RECORDS FOR THIS EXERCISE section start

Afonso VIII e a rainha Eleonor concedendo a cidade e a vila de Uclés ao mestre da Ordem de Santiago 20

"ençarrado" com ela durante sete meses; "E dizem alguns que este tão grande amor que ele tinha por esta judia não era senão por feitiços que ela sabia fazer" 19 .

RECORDS FOR THIS EXERCISE section end
RECORDS FOR THIS EXERCISE section start

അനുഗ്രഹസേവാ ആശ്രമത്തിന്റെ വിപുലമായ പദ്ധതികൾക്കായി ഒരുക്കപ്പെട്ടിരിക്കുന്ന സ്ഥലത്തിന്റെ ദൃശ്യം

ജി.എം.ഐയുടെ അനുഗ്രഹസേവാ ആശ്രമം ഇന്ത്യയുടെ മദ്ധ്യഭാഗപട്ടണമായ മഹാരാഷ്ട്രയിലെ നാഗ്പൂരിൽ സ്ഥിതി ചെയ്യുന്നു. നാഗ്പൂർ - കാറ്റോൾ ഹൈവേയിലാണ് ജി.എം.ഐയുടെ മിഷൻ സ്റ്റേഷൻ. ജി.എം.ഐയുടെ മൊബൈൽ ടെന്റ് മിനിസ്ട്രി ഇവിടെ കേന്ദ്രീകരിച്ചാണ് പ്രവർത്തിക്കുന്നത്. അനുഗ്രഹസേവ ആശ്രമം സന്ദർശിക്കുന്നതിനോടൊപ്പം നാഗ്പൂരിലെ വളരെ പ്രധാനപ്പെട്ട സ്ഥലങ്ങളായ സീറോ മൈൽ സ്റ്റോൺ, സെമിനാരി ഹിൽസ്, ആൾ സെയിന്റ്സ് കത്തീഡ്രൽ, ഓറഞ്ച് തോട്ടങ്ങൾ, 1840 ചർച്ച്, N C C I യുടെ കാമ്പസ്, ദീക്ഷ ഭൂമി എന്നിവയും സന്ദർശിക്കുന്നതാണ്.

RECORDS FOR THIS EXERCISE section end
RECORDS FOR THIS EXERCISE section start

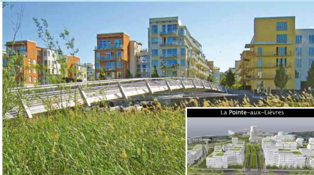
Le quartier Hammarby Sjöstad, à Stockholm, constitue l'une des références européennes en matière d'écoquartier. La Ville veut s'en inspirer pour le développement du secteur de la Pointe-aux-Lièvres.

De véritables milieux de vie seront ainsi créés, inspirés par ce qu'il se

RECORDS FOR THIS EXERCISE section end

DIRECTIONS FOR THIS TASK:
Would you retype the lines above from the one with "Afonso VIII e" down to the one with "com ela durante", word for word, both ends included and no other lines?

EXERCISE ANSWER:
Afonso VIII e a rainha Eleonor concedendo a cidade e a vila de Uclés ao mestre da Ordem de Santiago 20

"ençarrado" com ela durante sete meses; "E dizem alguns que este tão grande amor que ele tinha por esta judia não era senão por feitiços que ela sabia fazer" 19 .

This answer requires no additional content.